Only an exact repeat of the listing, without its images, counts as the answer.

Given information:
◇ ◇ ◇ ◇ ◇
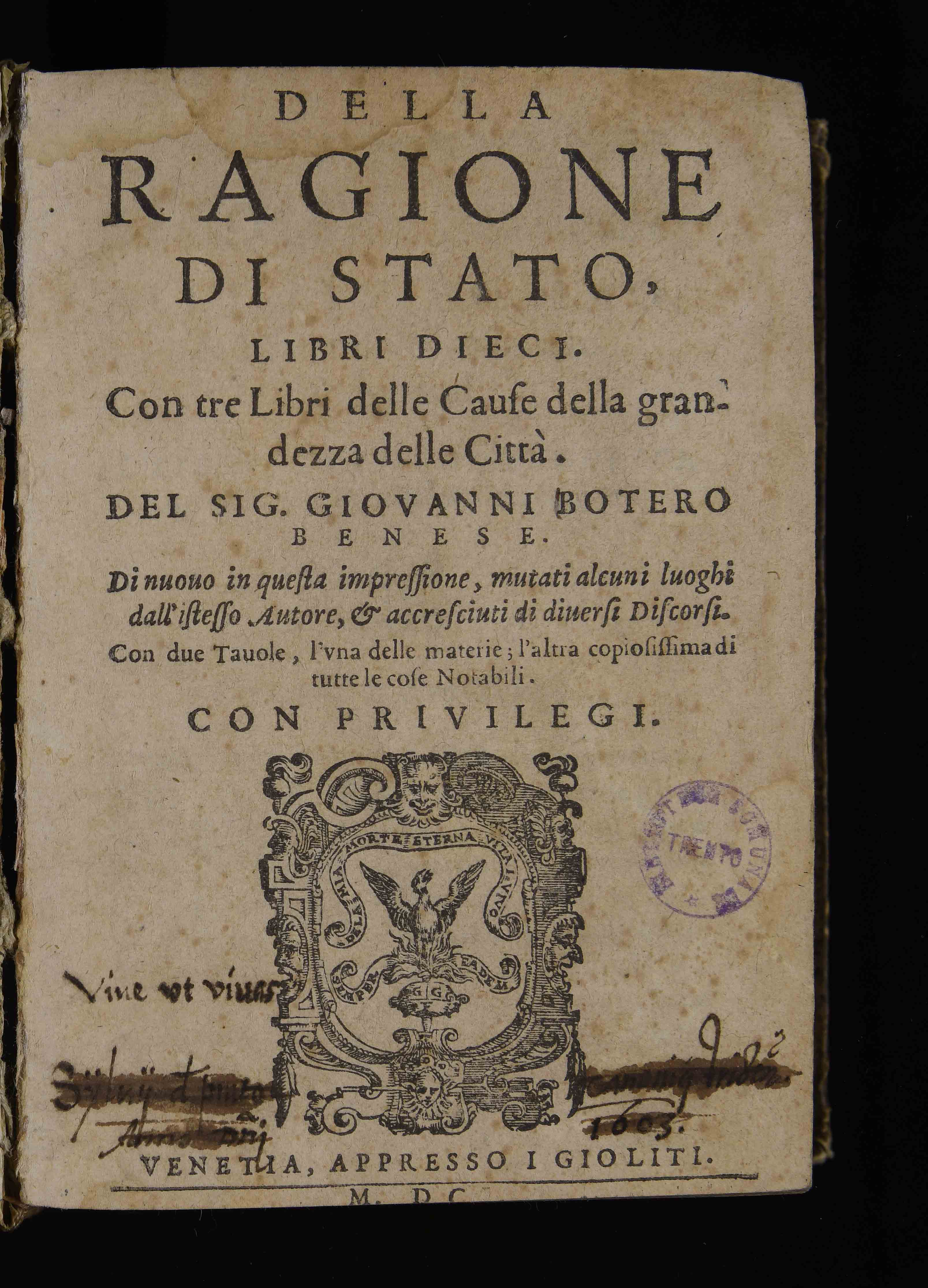 | Della ragione di stato, libri dieci. Con tre libri delle cause della grandezza delle città del sig. Giovanni Botero benese |
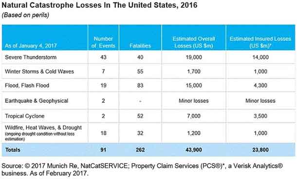 From 1996 to 2015 in the U.S., winter storms resulted in about $30 billion in insured catastrophe losses (in 2015 dollars), or about $1.5 billion a year on average, according to Property Claim Services (PCS).
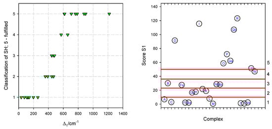 The set of critical parameters involves the norm of the projected state for the first Kramers doublet N(KD1), the smallest g-tensor component g1, the separation of the two subsets of KDs [E(KD3) − E(KD2)], and the first transition energy at the NEVPT2 level 4Δ1 (scaled to smaller numbers). Values of S1 > 50 refer to class 5—fulfilled; S1 < 10 span class 1—invalid. Limiting value for the fulfillment is S1 = 0.7 × 1.9 × 600 × 600/10,000 = 48. The above parameter can be extended by considering the mixing of the spin states: S2 = S1 × P/100 where P—percentage of the greater portion of spins | ± 1/2> or | ± 3/2> in the first KD (ideally p > 70).
◇ ◇ ◇ ◇ ◇
Output of the task:
 | Della ragione di stato, libri dieci. Con tre libri delle cause della grandezza delle città del sig. Giovanni Botero benese |
 From 1996 to 2015 in the U.S., winter storms resulted in about $30 billion in insured catastrophe losses (in 2015 dollars), or about $1.5 billion a year on average, according to Property Claim Services (PCS).
 The set of critical parameters involves the norm of the projected state for the first Kramers doublet N(KD1), the smallest g-tensor component g1, the separation of the two subsets of KDs [E(KD3) − E(KD2)], and the first transition energy at the NEVPT2 level 4Δ1 (scaled to smaller numbers). Values of S1 > 50 refer to class 5—fulfilled; S1 < 10 span class 1—invalid. Limiting value for the fulfillment is S1 = 0.7 × 1.9 × 600 × 600/10,000 = 48. The above parameter can be extended by considering the mixing of the spin states: S2 = S1 × P/100 where P—percentage of the greater portion of spins | ± 1/2> or | ± 3/2> in the first KD (ideally p > 70).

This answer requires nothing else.